The op-ed was slammed across the political spectrum by notable political figures, left-wing journalists, conservatives, and others.

Responses included:

  • David Harsanyi, National Review Senior Writer: “In the paper that warns us ‘democracy dies in darkness,’ Richard Stengel says we should trust Middle East fascists over the Founders when it come to free expression.”
  • Walter Olson, CATO Institute Senior Fellow: “When Establishment figures declare that they’ve changed their mind on free speech and now think there should be less of it, know that they expect the speech that gets throttled to be yours, not theirs.”
  • Sam Harris, left-wing atheist: “Not sure if I’ve read anything this misguided in my life… ‘Why America needs a hate speech law.'”
  • Jesse Singal, journalist: “For the newsletter I am close-reading this WaPo column and WOW does it not make sense. This……… isn’t true at all! Not even close!!!!! THE FIRST AMENDMENT DOES NOT SAY RUSSIAN TROLLS HAVE A RIGHT TO TWITTER AND FACEBOOK EXPRESSION, RICHARD!!!!!!”
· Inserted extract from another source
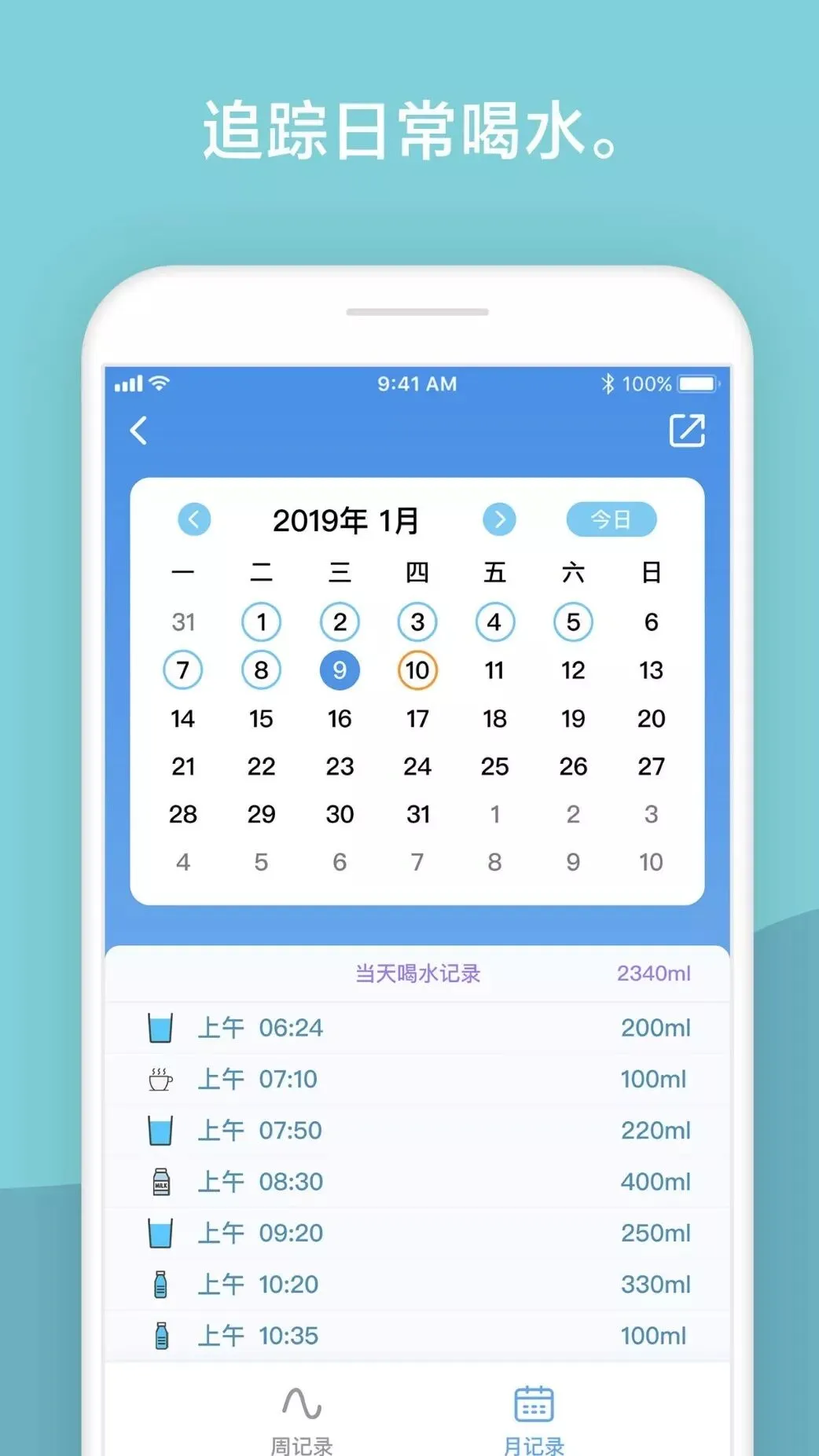 对于不爱喝水的人来说这个app就太实用了。录入自己的体重和性别,app会计算你每天需要多少饮水量,并且定时提醒你喝水,保证你每天摄入足够的水分。
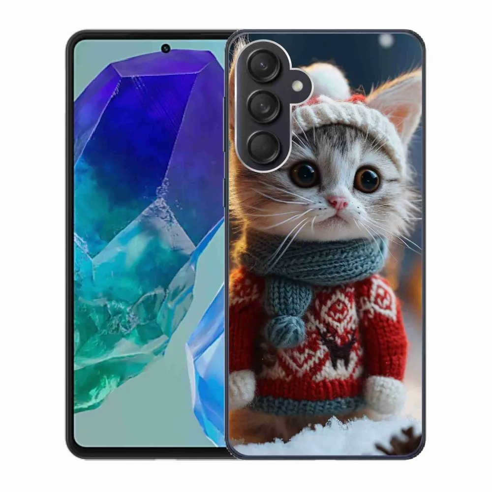 Gél borító mmCase a Samsung Galaxy M55 5G képével - cica pulóverben

  • Eric Schmitt, Missouri Attorney General: “The #1A protects fundamental expression. What’s the best answer to offensive speech? Not censorship, not violence-more speech, better arguments. Simply put, empowering government to pick & choose what’s acceptable speech is a cure worse than the disease.”
  • T. Christian Miller, Propublica senior investigative reporter: “We’re in trouble when a former top diplomat and journalist cites the confusion of Arab diplomats – all of whom represent totalitarian regimes – as an argument for restricted speech.”
  • Suzanne Nossel, CEO PEN America: “Surprised the brilliant @stengel wants to see states experiment with hate speech laws. US and global experience shows that such laws are used to target minorities, dissenters and speech that is threatening to authorities.”
  • Ben Schreckinger, Politico reporter: “This trend of journalists calling on the state to pass laws curtailing speech is really quite something. Today it’s a former journalist who also worked in government — claiming that the First Amendment only worked ‘in simpler times.'”
  • David S. D’Amato, CATO Institute: “Really scary stuff from @stengel — giving him the benefit of the doubt here, I’d say that he doesn’t know what he’s actually asking for or how dangerous this is.”
  • Jeb Bush, former Florida governor: “Who decides what is hate speech? The party in power? Banana Republic talk.”
  • Brendan Carr, FCC Commissioner: “This op-ed gets the First Amendment backwards. It would give the government and politicians license to shut down ideas and silence groups they don’t like. Indeed, speech seeking political, social, or economic change is often labeled as ‘hateful’ by those in power.”